The illusion that an industry that we create is, in any circumstance, a positive factor and a definite factor in the development of the country. We will see… that this industry can be a means of draining resources towards the outside instead of stimulating development.  

And Serfaty gives, it seems to us, a fair picture of the situation when he writes : 

 … Our countries are starting from an economic system that bathes in the capitalist system. I say “ which bathes” in the sense that we are not, we, so much in a closed capitalist system; in reality, we are only the dependencies of the developed capitalist system…      

If this situation is not fully taken into account and if we embark on industrialization before having secured the bases – by a leap forward in agriculture and measures to limit the economic influence of imperialism, the irruption of private capital or foreign aid capital can have catastrophic consequences.  

It seems to us that one can sketch, for a country like Algeria, an economic strategy in two stages (being of course not a question of a rigorous chronological division): 

  • As long as the country is closely integrated into the imperialist system, do not encourage the creation of ” pockets ” (these ” development poles ” of neo-colonialism) easily controlled by a few experts and aid workers.      
  • Promote the development of agriculture on a larger and less centralized basis – small water projects, rural renovation, etc. – to achieve in practice the alliance of workers –  privileged peasants – unprivileged peasants, and to advance the relations of production and their subjective representation in the countryside. 
  • It is only from there that the economic (agricultural surplus) and social (anti-imperialist pressure from the masses) foundations of socialist industrialization can be laid.

This question is now being asked in Algeria : 

Can primitive socialist accumulation be the direct heir to the technocratic methods of ” development ” established by neo-colonialism? Can a revolutionary power carry out development tasks through the infrastructure left by specialists by “cooperation” and “technical assistance”?        

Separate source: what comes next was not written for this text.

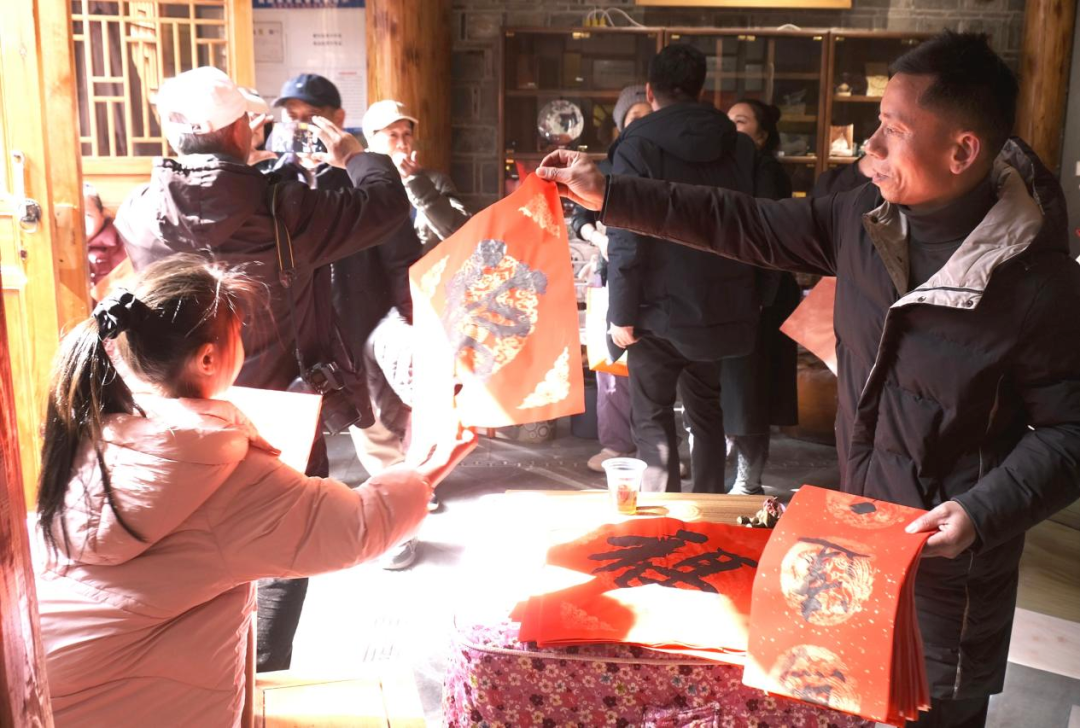 书香迎新春,福联进万家。桃江县书法家走进高桥镇大林村开展送春联活动,现场红纸铺展、墨香四溢。书法家们凝神挥毫、笔走龙蛇,一幅幅吉祥春联跃然纸上。村民们围在桌前翘首以待,挑选心仪的春联,浓浓年味扑面而来。(桃江县纪委监委供 陈明 摄)

Or must it resolutely renounce, during the first stage of the transition, gigantic unproductive investments, major equipment works directed by an army of foreign engineers and set up, through political action at the base, more modest but truly popular centers of accumulation – micro-achievements, small water projects, human investment, etc. – where the hitherto exploited, humiliated masses would realize for the first time that their fate is in their hands and no longer depends on the hostile or paternalistic good faith of distant foreign technicians?   

The policy of modern, dynamic imperialism in “underdeveloped” countries is clear :   

  • In the first place to divert for the benefit of the technicians provided by them the tasks which would fall to revolutionary militants, or even to grassroots workers.
  • To monopolize the development of equipment programs, in order to multiply the outlets offered to the industries of the advanced capitalist countries.
  • To drain assistance credits in sectors that are both costly and unproductive (roads, major works, prestigious installations) so as to divert them from investments in industry and to maintain the country in its role of supplier of raw materials and outlet for the products of imperialist countries. The “assembly lines”, integrated into the economy of the exporting country – where the multiplicative and accelerating effects are manifested – only constitute a sham of industrialization and cannot mask the real situation.  

The administrative structure put in place by colonialism lends itself admirably, as we shall see, to this kind of operation.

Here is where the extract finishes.